Laut Schätzungen der Bundesarbeitsgemeinschaft Wohnungslosenhilfe e.V. sind in Deutschland circa 680.000 wohn- oder obdachlos.
Seit der Corona Pandemie sind es vermutlich noch mehr. Unter diesen Menschen sind auch viele Konsument*innen illegaler Drogen. Die niedrigen Hygiene-Standards auf den Straßen machen den Konsum teilweise noch gefährlicher, etwa mit dreckigen Spritzen. Streetworker Julian Meyer von der Drogenhilfe Schwaben hat deshalb in seinem Rucksack immer "sauberes Besteck" dabei.
"Sprich, verschiedene Nadeln hab ich dabei, verschiedene Größen an Spritzen. Also unser Safer Use* Angebot sozusagen." – Julian Meyer


*Safer Use = Richtige Mittel und Wissen, beim Drogenkonsum die körperliche und psychische Gesundheit so gut es geht zu schützen.

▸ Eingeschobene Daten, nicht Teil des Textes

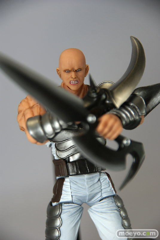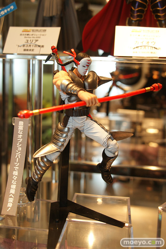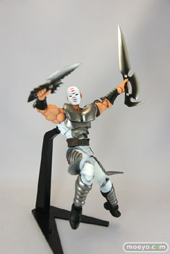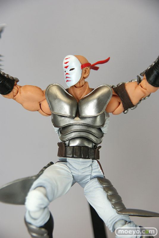 海洋堂「リボルテック 北斗の拳REVOLUTION 名も無き修羅」のサンプルを見せて頂きました!商品説明によると『ファルコに瀕死に追いやった、修羅の国の門番』というもので、仮面、スキンヘッド等付属し、様々な「名も無き修羅」を再現可能!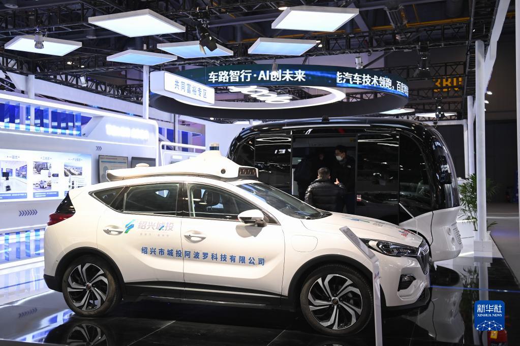 12月19日,观众在百度公司展区观摩无人驾驶应用场景。
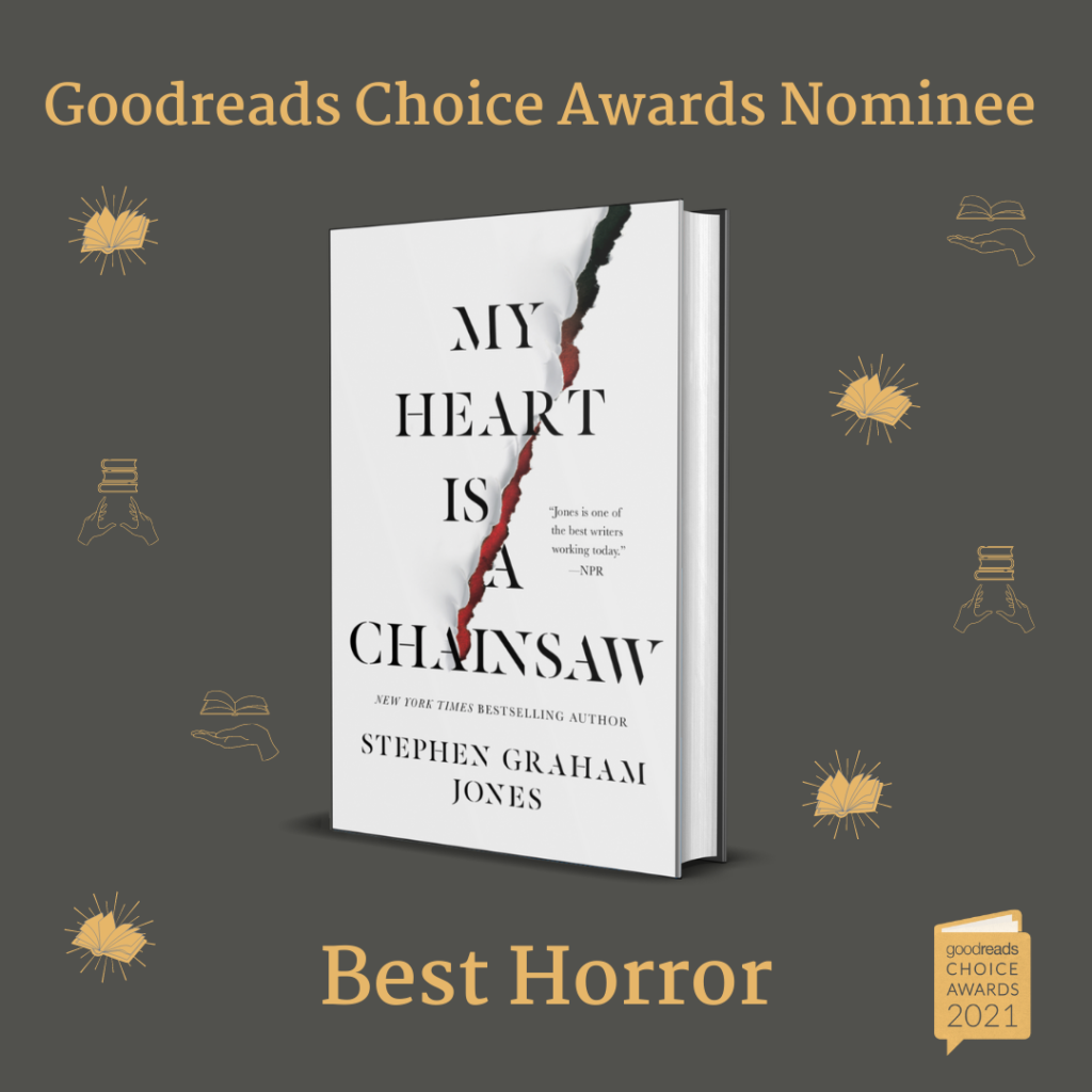 My Heart is a Chainsaw, swimming upstream. Which I guess is mixing metaphors. “Hitting it out of the park,” then? No, no. Um. “Firing on all cylinders?” “Making waves?” “Bringing home the bacon?” I would say “Leveling the competition,” as a way to, you know, be pretend-clearcutting a stand of timber, except . . . man, keeping a metaphor in check isn’t worth having to think about knowing down a bunch of pretty trees, is it? And, anyway: those trees are excellent novels, some of them by friends, the rest of them by—I hope—friends-to-be. So? Click, vote some direction, thanks. And then the rest of the categories:

Akzeptierende Arbeitshaltung

Meist ist Julian mit einer Kollegin als Zweierteam auf den Straßen Augsburgs unterwegs und sucht gängige Szeneplätze auf, an denen sich häufig Konsument*innen aufhalten. Dabei drückt er keinem die Hilfe aufs Auge. Eher ist seine Arbeit auf der Straße eine "Geh-Struktur"-Arbeitshaltung. Das heißt: Als Streetworker*innen verfolgen die beiden einen akzeptierenden Ansatz, akzeptieren also den Drogenkonsum der Menschen erst einmal. Zudem kämen diejenigen, die etwas brauchen, seien es saubere Nadeln oder Unterstützung bei bürokratischen Angelegenheiten, selbst auf sie zu. Manchmal müsse er aber auch Erste Hilfe leisten oder einen Krankenwagen rufen. Nach vielen Jahren Berufserfahrung hat Julian mittlerweile auch ein Gespür für den Zustand der Leute, die er oft sieht.
"Die Leute, die man oft sieht und besser kennengelernt hat, da sieht man schon, ob‘s denen gut geht oder nicht." – Julian Meyer


Erstes und letztes Glied als Streetworker*in

Zielgruppe seien vor allem junge Erwachsene oder erwachsene Konsument*innen illegaler Drogen. Entweder Erstkonsument*innen, die sich noch nicht an das bestehende Hilfesystem (zum Beispiel Beratungsstellen oder Kontaktläden) angebunden sehen oder diejenigen, die schon alles probiert, aber keine geeignete Lösung gefunden haben:
"Was die Drogenhilfearbeit angeht, sind wir so ein bisschen das erste und gleichzeitig letzte Glied der Kette. Natürlich gibt's viele Menschen ohne festen Wohnsitz […], die man dann auch mal an ihren Plätzen unter den Brücken aufsucht. Zielgruppe [sind aber] definitiv Konsument*innen illegaler Drogen." – Julian Meyer

Belastung und Erfolgserlebnisse als Streetworker*in

Auf den Straßen hat Julian in den letzten Jahren schon viele Schicksale miterlebt. Viele Lebensgeschichten, die ihm die Menschen erzählt haben, seien ziemlich tragisch gewesen. Viele hätten in ihrer Kindheit Missbrauchs- oder Gewalterfahrung machen müssen. Trotzdem versucht Julian, in seiner Freizeit abzuschalten und seine Arbeit nicht mit nach Hause zu nehmen. Ein guter Freundeskreis, Hobbys und ein tolles Team helfen ihm dabei, dass ihn der Alltag als Streetworker nicht zu sehr belastet, sagt Julian. Und neben der Belastung sind es auch die kleinen Erfolge, die seinen Job ausmachen.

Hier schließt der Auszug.